Grep, sort, uniq, awk, sed are all worthy tools, but part of the job is deciding when one tool, or tool-set is no longer enough to accomplish your mission. When should you turn over the job to a true sorting engine, a relational database?

Unix systems (everyone uses a unix system for serious crunching of logs right?) have a whole host of great command-line tools:

  1. sort
  2. grep
  3. awk
  4. sed
  5. uniq
  6. cut (which I personally shun)

These are excellent for quickie jobs like: analyzing router logs during an incident, finding trends in web logs, looking for that problem child in syslog output. These tools, however, fall short in terms of flexibility for longer term searching and grouping of results. Reporting on a regular basis can have some serious enhancement from simple database queries, the power that a database brings to log reporting and analysis is truly a sight to behold.

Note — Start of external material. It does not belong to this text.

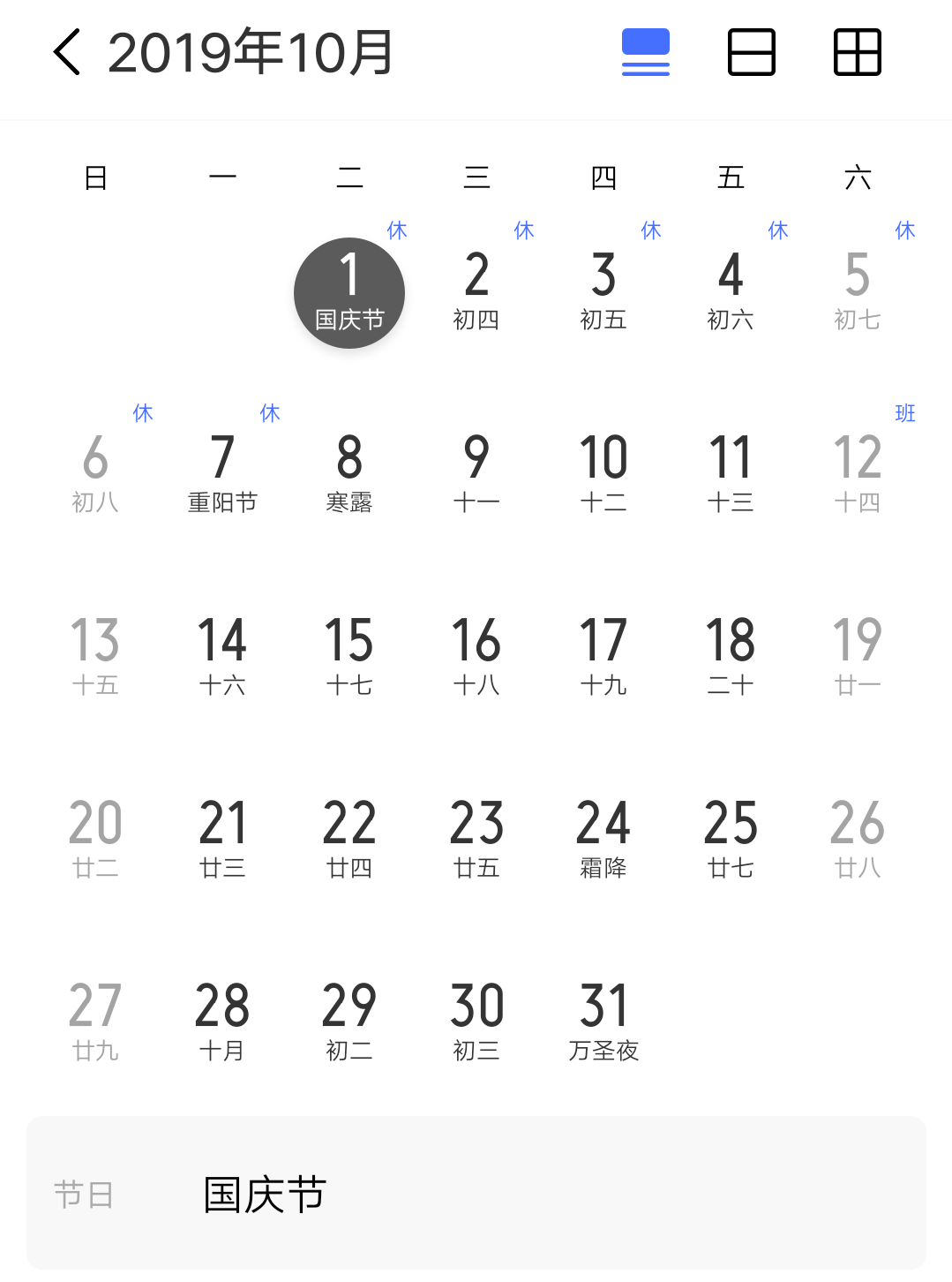 注:9月29日(星期日)、10月12日(星期六)正常上班

For simple firewall or access-list logs the ability to look over a time period with ease and group by source, destination, ports, protocols and combinations of these is incredible. Compare this with the arduous task of tracking totals in awk or sed or perl and parsing compressed logfiles over time. Clearly at some point you’d have to agree that using a database to analyze logs can be useful. Most of the time the decision to use a database comes too late in the process I believe, after there is already a monstrosity of a awk or perl script doing far too much work and taking up far too much time (personnel and machine).

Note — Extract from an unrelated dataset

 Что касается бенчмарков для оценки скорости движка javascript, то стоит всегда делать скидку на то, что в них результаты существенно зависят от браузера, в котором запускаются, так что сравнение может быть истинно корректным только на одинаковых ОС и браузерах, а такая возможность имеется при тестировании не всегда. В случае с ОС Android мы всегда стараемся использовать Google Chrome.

So, I present a simple log file analysis process for firewall logs, assuming ‘firewall’ means iptables/netfilter, though any firewall should produce logs of a format suitable for processing in this manner. First things first, decide on an appropriate database backend, something simple and easy and available. I use MySQL it’s all of these things.  Now let’s assume that it’s actually running and you have created atleast the bare-bones tables and privileges, securing MySQL is left as an exercise to the reader thus far. I don’t believe in GUI management tools for databases, or much of anything else actually. Perhaps I’m a luddite I apologize for that, but I believe you learn more through doing than clicking. Let’s create the new database to hold our magical firewall data:

create database firewall;

Simple as that we have a database named ‘firewall’! Let’s create a user to query the database, it would be nice to have a ‘READ ONLY’ and a ‘READ/WRITE’ user, but for now we’ll just use one userid:

insert into user values (
‘localhost’,’firewall’,password(’your-passwd-here’),
‘Y’,’Y’,’Y’,’Y’,’Y’,’Y’,’Y’,’Y’,’Y’,’Y’,’Y’,’Y’,’Y’,’Y’
);

insert into db values (
‘localhost’,’firewall’,’firewall’,’Y’,’Y’,’Y’,’Y’,’Y’,’Y’,’Y’,’Y’,’Y’,’Y’
);

Now we have a userid that can access the firewall database and do our bidding. Next we need to connect to the database and create our tables to hold the data:


connect firewall;

Let’s create the table to hold our firewall log data:

--
-- Data from the firewall logs
create table firewall (
SRC int(10) unsigned,
DST int(10) unsigned,
PROTO VARCHAR(8),
SPORT int(5) unsigned,
DPORT int(5) unsigned
);

First things first, notice that the SRC (source address) and DST (destination address) are stored not as varchar or text fields but as unsigned integers. This permits us to sort by ip address, match inside ranges of ip addresses and lots of other nice things. PostgreSQL has a possibly better method of handling ip address information with their included ‘inet’ datatype, but for simple things MySQL seems to work just fine with unsigned integers. Also, we are storing the ports as integers, you can always make a reference table for ports and join against it, but heck who doesn’t already know that tcp/2105 is eklogin? Of course, a great reference for these things is the IANA address family numbers list.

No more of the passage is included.